ABNF was originally written a few years ago for parsing HTTP headers in a web framework. The code herein has been in use in production here and there on the internet since then.

Requirements

ABNF is tested with Python 3.10-14.

Installation

The abnf package is available from PyPI. As of version 2.3.1, abnf uses trusted publishing.

Install it with the Python installer of your choice:

pip install abnf
uv pip install abnf            # uv
uv add abnf                    # uv, inside a project
poetry add abnf                # poetry

For substantially faster parsing, install the optional Rust backend with the rust extra:

pip install 'abnf[rust]'
uv pip install 'abnf[rust]'
uv add 'abnf[rust]'
poetry add 'abnf[rust]'

(Most shells require the quotes around abnf[rust] because [...] is a glob pattern.) See The Rust backend for details and benchmark numbers.

The Rust backend

When the abnf-rust companion is installed (via pip install abnf[rust]), abnf.parser transparently dispatches its combinator primitives to a Rust extension built with PyO3. The public API is unchanged in either case, including every RFC grammar module and every example in this README; set the environment variable ABNF_NO_RUST=1 to force the pure-Python backend at runtime.

Representative benchmarks (median of three runs of pytest tests/benchmarks/, Apple Silicon):

Grammar / input	Pure Python	Rust	Speed-up
RFC 3986 URI `https://user:pass@example.com:8080/a/b/c?q=1&r=2#frag`	190 µs	28.4 µs	6.7×
RFC 5322 mailbox `Charles Yeomans <charles@example.com>`	422 µs	44.9 µs	9.4×
RFC 7230 request-line `GET /index.html HTTP/1.1\r\n`	73 µs	10.4 µs	7.0×
RFC 9051 astring `HelloWorld42`	5.9 µs	4.0 µs	1.5×
Fuzz suite (512 cases, inputs up to 138 KB)	9.1 s	1.42 s	6.4×

Where the Rust backend helps most

The Rust backend's biggest advantage is how cheaply it rejects parses that don't match. ABNF parsing is built around alternation and optional groups: on every backtracking step the algorithm tries an alternative, watches it fail, and moves on. The Python combinator's failure path raises a ParseError, propagates it through generator exception machinery, and unwinds Python frames — all comparatively expensive. The Rust equivalent is a single Err(...) return value with no string formatting. Grammars that exercise this path heavily — RFC 5322's deeply-nested FWS and CFWS whitespace handling is the classic example — see the biggest wins.

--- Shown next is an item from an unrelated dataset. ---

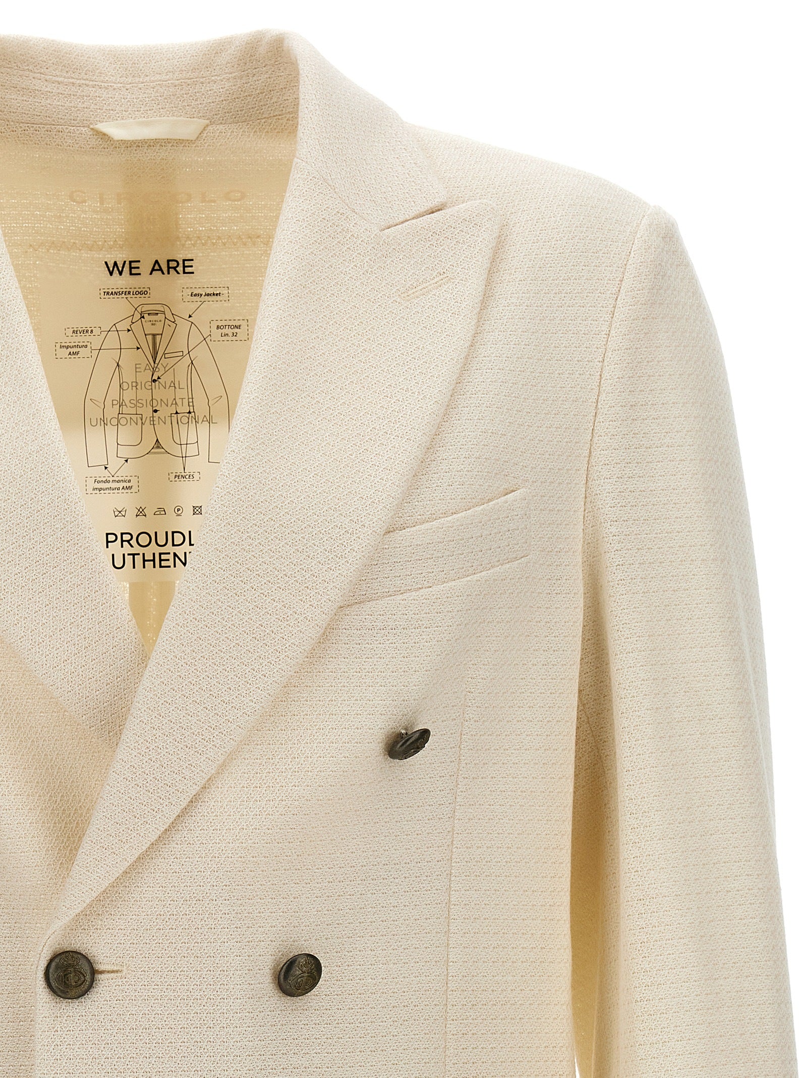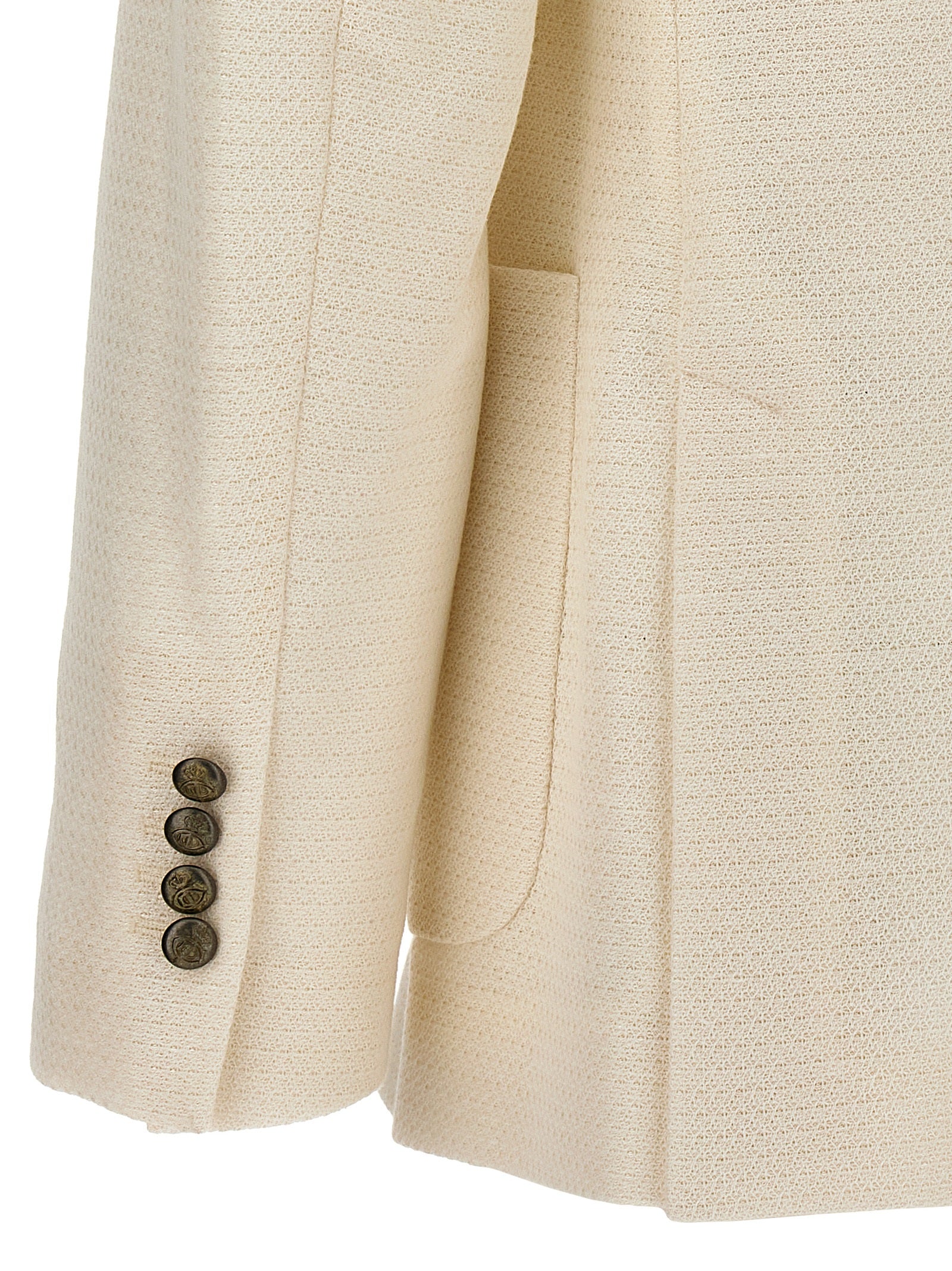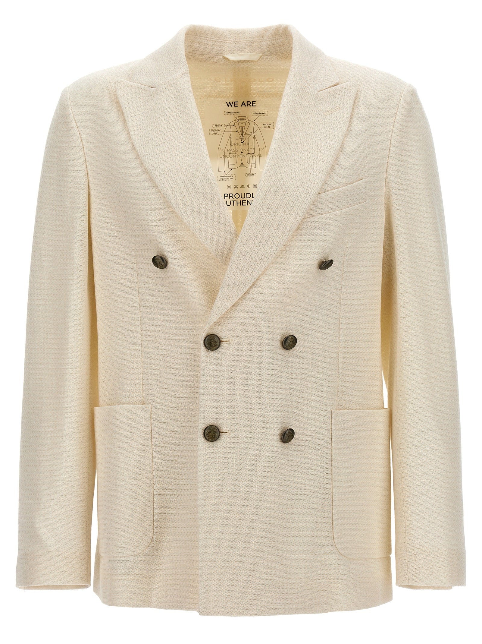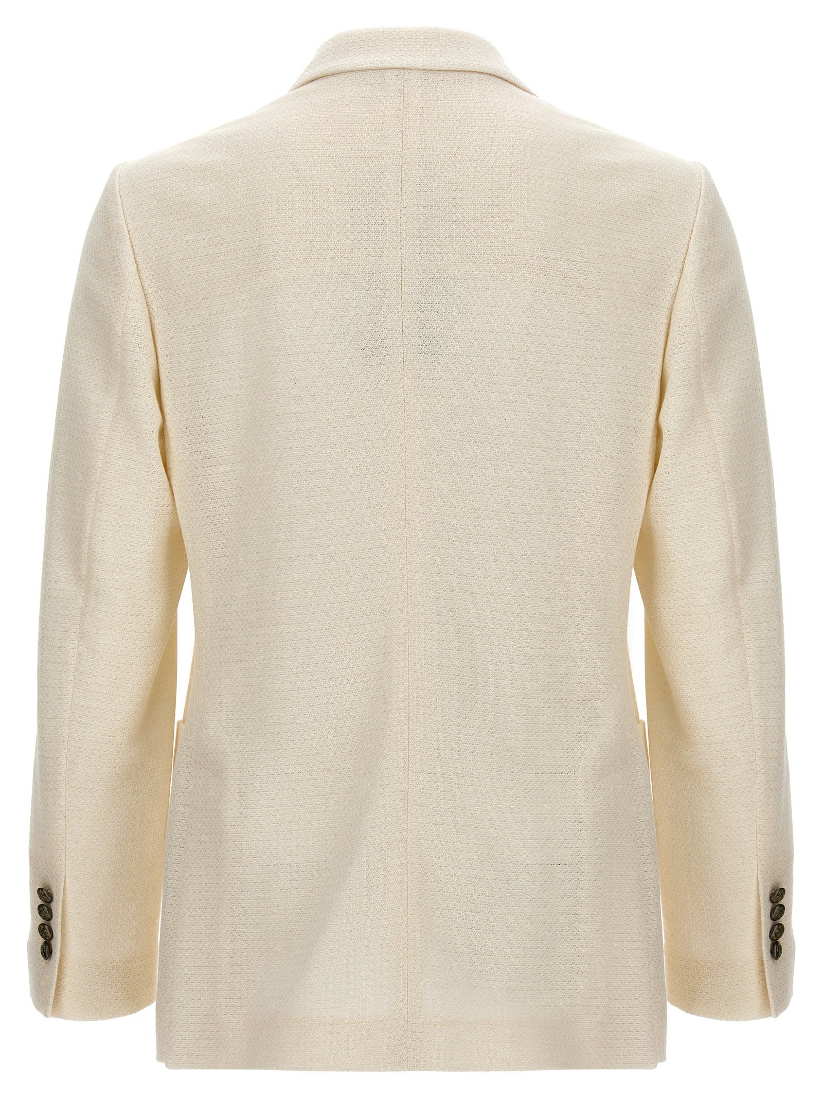 Double-breasted blazer in cotton and linen blend, button closure, pockets, long sleeves, back vents.

The advantage compounds with the number of candidate parses the algorithm considers at each step. RFC 3986's URI grammar enumerates dozens of partial-parse candidates (optional [ "?" query ], optional [ "#" fragment ], multiple hier-part alternatives); each candidate that ends up losing costs only a few hundred nanoseconds in Rust.

Where the gap narrows

The Rust backend is less dominant on tight grammars whose work is mostly successful tree-building rather than backtracking. The clearest example among our benchmarks is the RFC 9051 astring row above: parsing "HelloWorld42" against

astring = 1*ASTRING-CHAR / string

is essentially twelve successful ASTRING-CHAR matches plus a single near-instant failure on the string arm. Each successful match builds a small parse-tree node, and CPython optimises that build path extremely well: a small list allocation goes through CPython's list freelist and costs only a handful of nanoseconds. The Rust equivalent allocates an Arc<Vec<NodeKind>> per node and crosses the PyO3 boundary — both fast, but still a few times more expensive than CPython's open-coded path. The Rust backend still wins on astring, but only modestly.

Roughly:

Grammar shape	Typical Rust speed-up
Heavy alternation / optional / deep backtracking	6–10×
Mixed: moderate alternation with tree-building	3–6×
Pure linear success with few alternatives	1.5–2×

In other words: the more an ABNF grammar exercises backtracking — which most real RFC grammars do — the bigger the win. We have not observed a grammar on which the Rust backend is slower than the pure-Python implementation.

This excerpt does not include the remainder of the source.